I had been doing so great, but that’s one of the things of this nasty habit, it doesn’t seem to end. Now that I picked two days ago having had pretty good skin for a continuos amount of time, it’s really difficult because it’s like I undid all the good I had accomplished.
Right now I have this scrape on my bottom right cheek, it looks like I fell on my face, but it was just me, picking at something that to be honest I’m not even sure was there. Not only is it unsightly, but it’s painful too. I definitely had a couple triggers, one being that I’ve had really bad insomnia for the past two weeks. It gets difficult lying in bed, doing nothing, trying to sleep. The other is just my roommates, never being home for me to talk to them about some stuff. I have good roommates, but they have ruined some of my things recently and that makes me anxious because I’m really careful with others’ stuff. I’m not blaming anyone but myself for picking though, because I’m the one who chose to deal with that anxiety that way (unfortunately).
Part of me is trying to remind myself that I’ve been here before and managed to recover and feel good again. I’m trying to remember that I went such a long time (for me) without picking, meaning I’m capable of being in control.
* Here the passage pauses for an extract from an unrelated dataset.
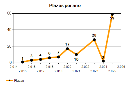 En los siguientes gráficos se puede ver la evolución del número de convocatorias y plazas convocadas para la profesión de Brigada de obras de los últimos años pudiéndose observar un crecimiento del 1.200,00% desde el año 2015 hasta el 2025 en número de convocatorias y un crecimiento del 5.800,00% en número de plazas convocadas.

I’m also trying to be kind to myself, even with thoughts that I was so dumb for doing this again, because at the end of the day, this is just something hard to control for me. However, there’s the part of me that looks in the mirror and sees a mess and the part of me that feels so depressed and feels too ashamed to talk to anyone. I also feel like I let you all down, because I know we like to cheer each other on towards stopping.
I hate that this interferes with parts of my life that are positive, like my running, I don’t feel like doing that right now. Also, my writing, I have something due tomorrow and I haven’t even touched it.Sometimes it’s okay to just put some make up on it and go on with the day, but sometimes you can’t cover up how you feel about this and it interferes with everything, it becomes the central focus of life.